ぼくが書こうとしている文章のことである。ぼくの周りに生起するもので、心にひっかかるものすべてを鍋に入れていく。書こうとしている作家たちのことは勿論、命と向かい合う日常、積み重ねてきた仕事、うれしいこと腹立たしいこと。なんでも。
時々、灰汁を掬うようにメールマガジンや通信に小出しにしながら、なおも煮込む。
最終的には本に纏めるためと、頼まれている講義のために。ぐつぐつぐつぐつ。よく煮詰まってきた。でもまだまだだ。
サルベージ
武内ヒロクニさんの「しあわせ食堂」が画文集として秋に光人社から出版されるのです。そこの若社長が高城直一さん。もとはといえば、石井一男展を東京で見て、私の仕事に興味をもってユニークな作家発掘物語を書くように依頼があって付き合いがはじまりました。渉りに舟とばかりに毎日新聞で3年間連載された「しあわせ食堂」を画集にすることを薦めたのです。話が進むにつれ高城さんがのりに乗って面白い本が出来そうです。そのための文章を5000字くらいで書くためにやみ鍋の底からヒロクニさんの素材だけを掬いあげるのに七転八倒といえば大袈裟ですが苦しみました。でも掬いはじめると構成の道筋がさっと見えて一気に書き上げたのです。ヒロクニさんも高城さんも喜んでくれました。
どこがユニークなのか?
連載150回のうち50人に絞りました。ヒロクニさん、私、高城さん、鈴木琢磨さん(毎日新聞の仕掛け人)で投票しました。
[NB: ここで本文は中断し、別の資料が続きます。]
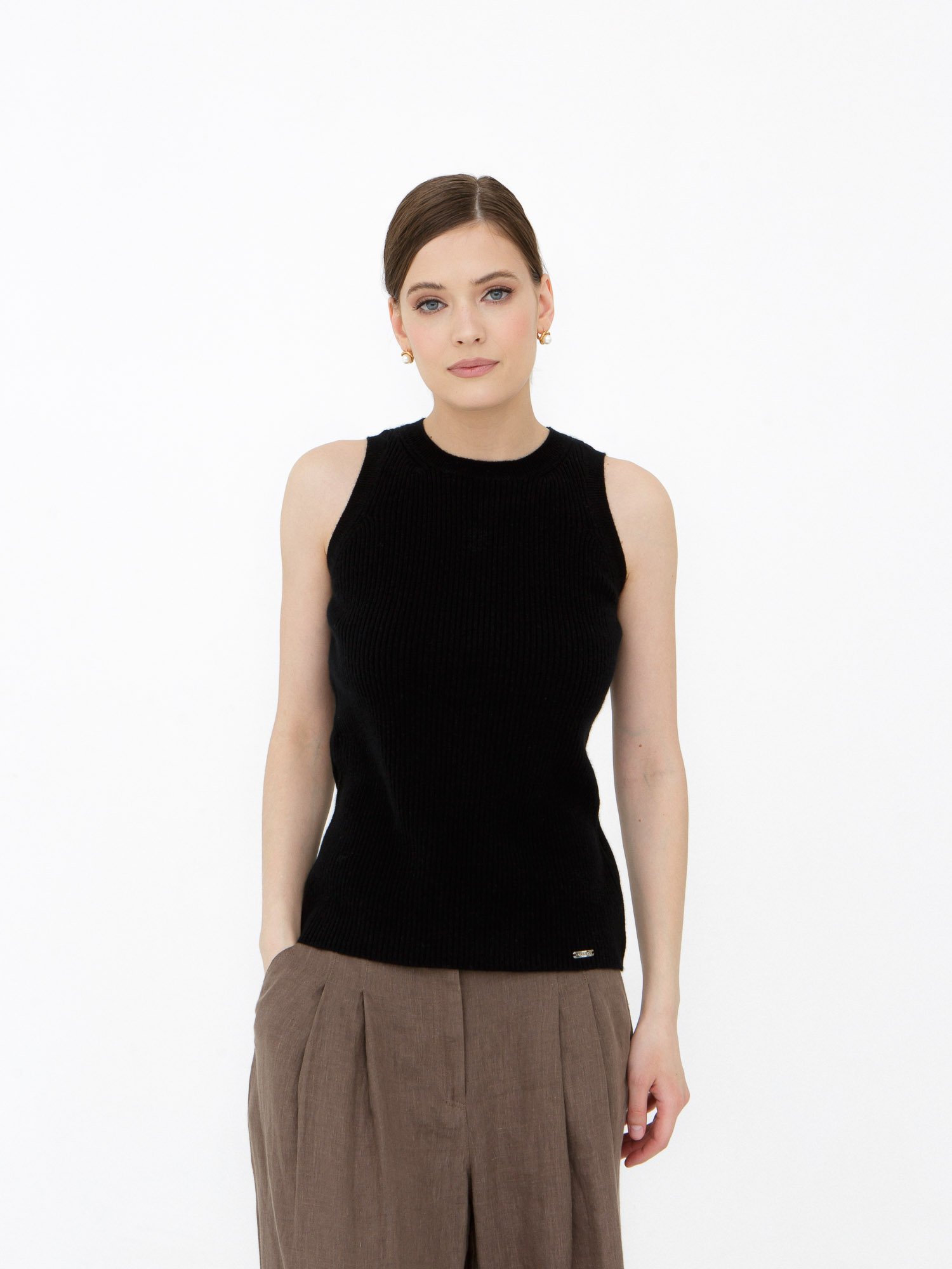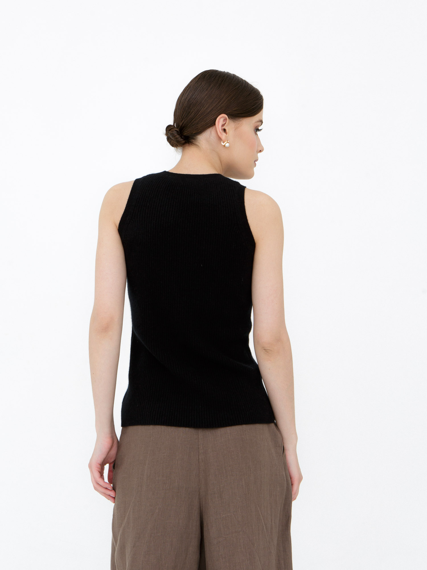Модель выполнена в лаконичном стиле без рукавов с аккуратной круглой горловиной. Чистые линии кроя подчёркивают современную эстетику изделия и делают его универсальным элементом гардероба. Низ и проймы аккуратно оформлены эластичной вязкой, которая помогает сохранять форму.
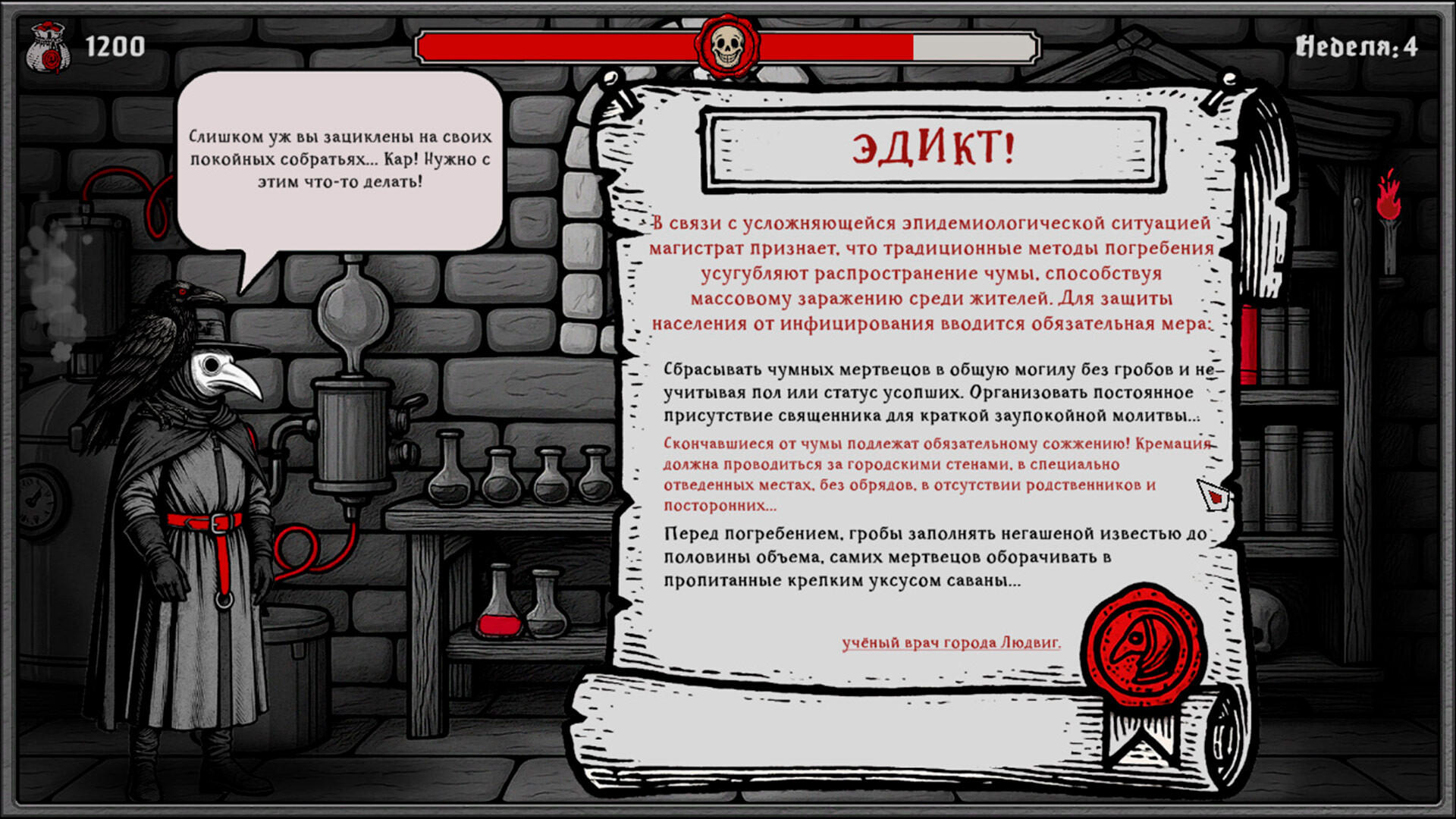 Чума опустилась на город Людвиг. Вы — чумной доктор, последний рубеж между жизнью и хаосом. Войдите в мрачные улочки умирающего города и познайте ремесло врача во времена мора. Диагностируйте, лечите, принимайте жестокие решения. Вводите карантины, сжигайте дома, боритесь с паникой и слухами. Каждое действие имеет цену — не все их переживут...
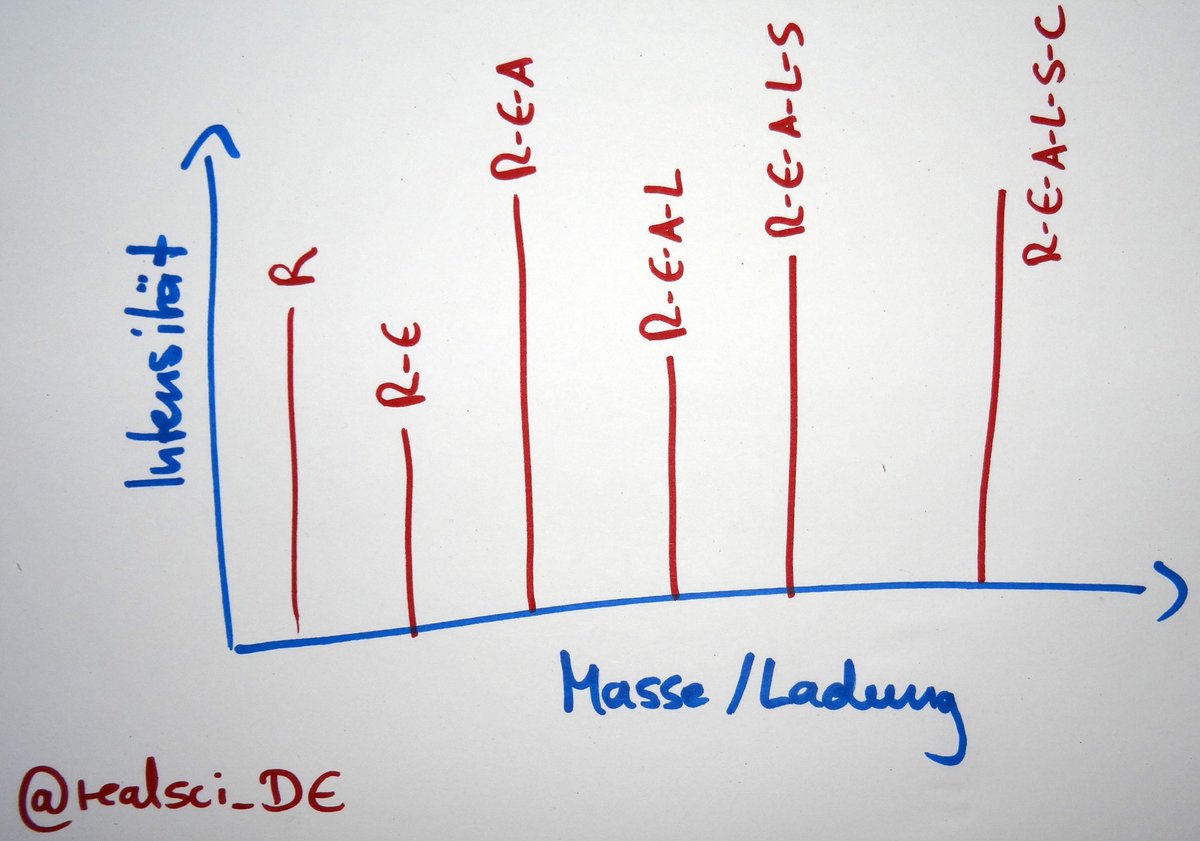 Praktischerweise ist die Wechselfrequenz proportional zu Masse und Ladung des Fragments.
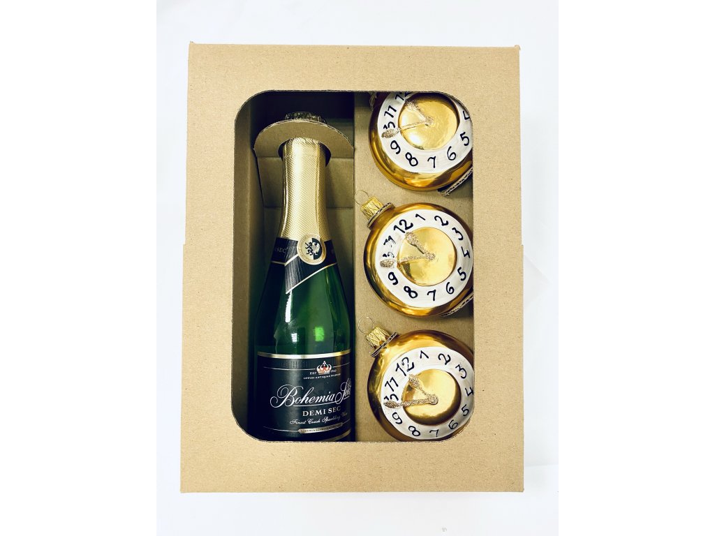 Sada obsahuje Bohemia Sekt demi sec 0,2l a 3ks vánočních skleněných ozdob zlaté barvy se zlatou záponkou symbolizující staré dobré časy. Skleněné ozdoby jsou foukané zručnými skláři - 100% ruční výroba
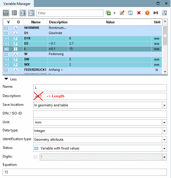 Description (Variable description): In the Variable Manager, information to ease identification should be entered.
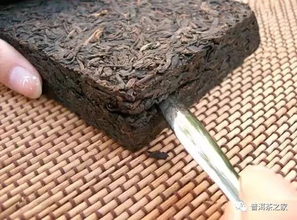 以茶磚為例,撬茶磚的入刀以側(cè)面為宜,一只手按好茶磚,另一只手拿茶刀從茶磚的側(cè)面入刀,將茶刀從邊緣插入茶磚內(nèi)部,再往上提起,這樣就能輕松的撬起一片茶。剩下的就是一片一片拆開(kāi),似乎有點(diǎn)像是在片魚(yú)片,保持條索的完整最重要。
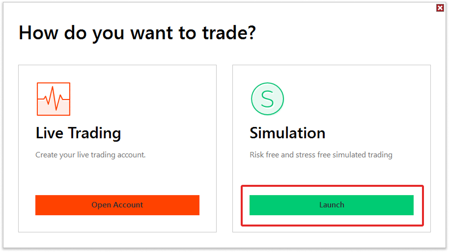 이후 트레이딩 모드 선택 화면에서 Access Simulation을 클릭해주세요.
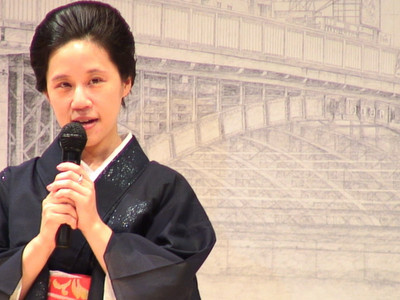 実はこの日、準備に追われて3日間で2時間くらいしか眠っておらず、徹夜のまま朝6時半に急いで着物を着て7時に美容院へ行き、その後チャーターした車で着物一式を会場に搬入した後、会場準備、結髪、着装、リハーサルに入り、本番へとなだれ込み。何と、朝から一度も化粧直しをする間もなく本番を迎えたので、口紅や眉などはがれ落ちてしまっています。とほほ。
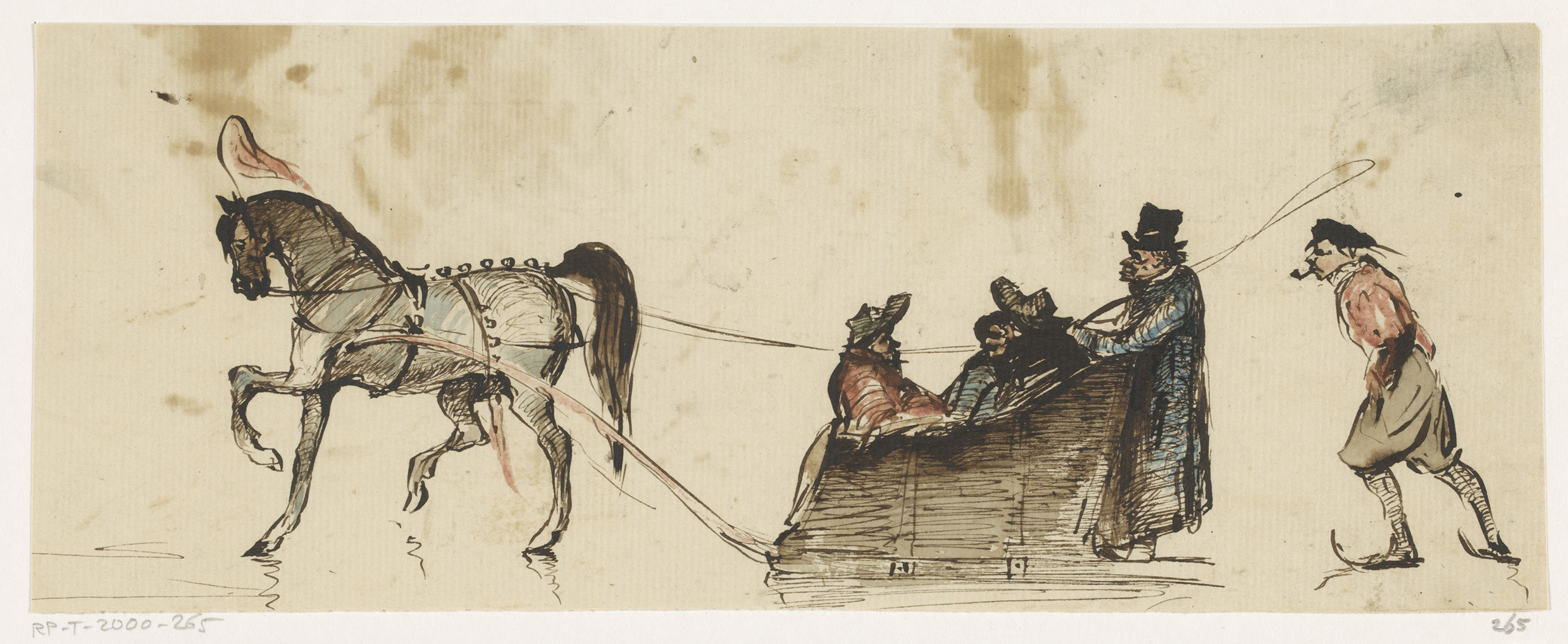 Schaatsers en arrenslee op het ijs
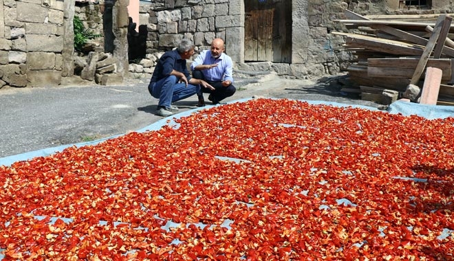 Bahçelerden toplanan biberler, genellikle evlerin damlarında ve yanlarındaki boş alanlarda, okul bahçelerinde ve cami önlerinde kurutuluyor.
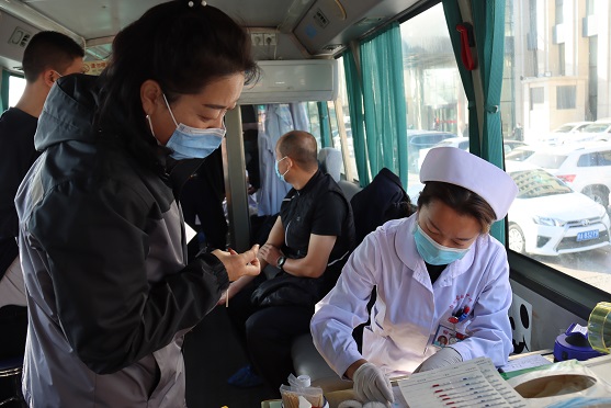 上午830分,市中心血站獻血車駛入城發集團院內,前期工作準備就緒后,獻血活動正式開始。城發物業公司黨支部書記娜仁早早來到集團一樓大廳活動現場,率先垂范,帶頭報名義務獻血。在娜仁書記的帶領下,公司的黨員干部和職工紛紛加入到獻血的隊伍中。血站的工作人員認真地一一登記信息、血樣檢驗、測量血壓……整個過程嚴格按照無償獻血和疫情防控有關規定井然有序進行著。

著名人の食べ物にまつわる思い出は昭和の歴史でもあり個人秘話でもあります。
ドーカーンとヒロクニ異色色彩挿絵50点プラス作品写真10点ほど。
「武内ヒロクニの世界」は私の書き下ろし。
ヒロクニさんはカットを幸穂里さん(奥さん)は制作裏話を50話書き下ろし。
220Pを超える面白本になりそうです。出版記念展はギャラリー島田で12/12~。引き続き東京銀座の2つの画廊で同時開催されます。
激辛どろスープ
大阪市大サテライトでの「アート・マネージメント講座」も闇鍋から激辛のお汁だけ掬って、濃厚なエッセンスを原稿を見ずに話しをしました。質疑応答とアンケートでは「刺激的でした」をいう声がたくさんありました。
自分を人体実験に供して困難な道を選ぶ
アートをマネジメントするのではなく自分の人生をマネジメントする
ファンドレイジングとはお金を集めるのではなく「志」を集め、繋いでいくこと
人生は4階建ての家。少数者の側に立て。
などと挑発するのです。
チャイルディッシュ
チャイルディッシュ(子どもじみている)という言葉をよく聞くようになった。この言葉は嘆きの言葉なのだけど、子どもには失礼である。子どもが子どもであるのは正しい。欲得にまみれた大人が単に自立できぬままの状態をチャイルディッシュという。駅や車中における馬鹿丁寧なアナウンス。至れり尽くせりの表示。道路工事などの過剰なガードマンの配置。新型インフルエンザが引き起こした茶番。「人生は4階建ての家」論で分析すればよく分かる。
一階には、楽して楽しくおればいいという本能的快楽派、この住人が圧倒的に多い。
二階には、快楽の永続を願う人(そのために努力する)
三階には、苦労の末に幸福を手に入れることに喜びを見出す人。
四階には、苦労こそが喜びである人が住む。
上の階にいくほど住人が少ない。極端に。
大多数の1階の住人こそが新聞の部数競争、TVの視聴率、消費動向を決め、経済を下支えし、マーケティングや世論調査という相当あやしい情報操作で政治や社会を方向づける。「もの言わぬ」「考えぬ」「受身のまま」であり続ける人々を3階、4階へを上がらせないことが大切なのだ。 ぼくはこの理論を文化の階層性と関連つけて話をする。
臍まがりめ!
偏見をもって見てはいけない。良心的なメディアもある、志のある政治家も企業家もいる。その通りです。しかし不特定多数を相手にし経済条件を優先する以上、多数を占める1階の住人をターゲットから外すことは出来ない。日本の大新聞がイエロー・ペーパーやスポーツ紙にどんどん近づいているのはそれが故であり、また1階の住人を生めよ増やせよと狭くなった部屋の増築にまで手を貸しているのである。タレントの泥酔事件や新型インフルエンザ報道の患者数の逐一報道の姿勢を疑います。マッチポンプ(自分で火をつけて自分でもみ消す)なのです。もちろん煽情記事だけではありません。しっかりした文化記事や特集もあります。要は「4階建ての家」を丸ごと紙面にして「クオリティー・ペーパー」を装っているのが日本の大新聞だと思って読むと腑に落ちます。TVは論外です。ぼくは限りなく上の方へ住みたがる人なのです。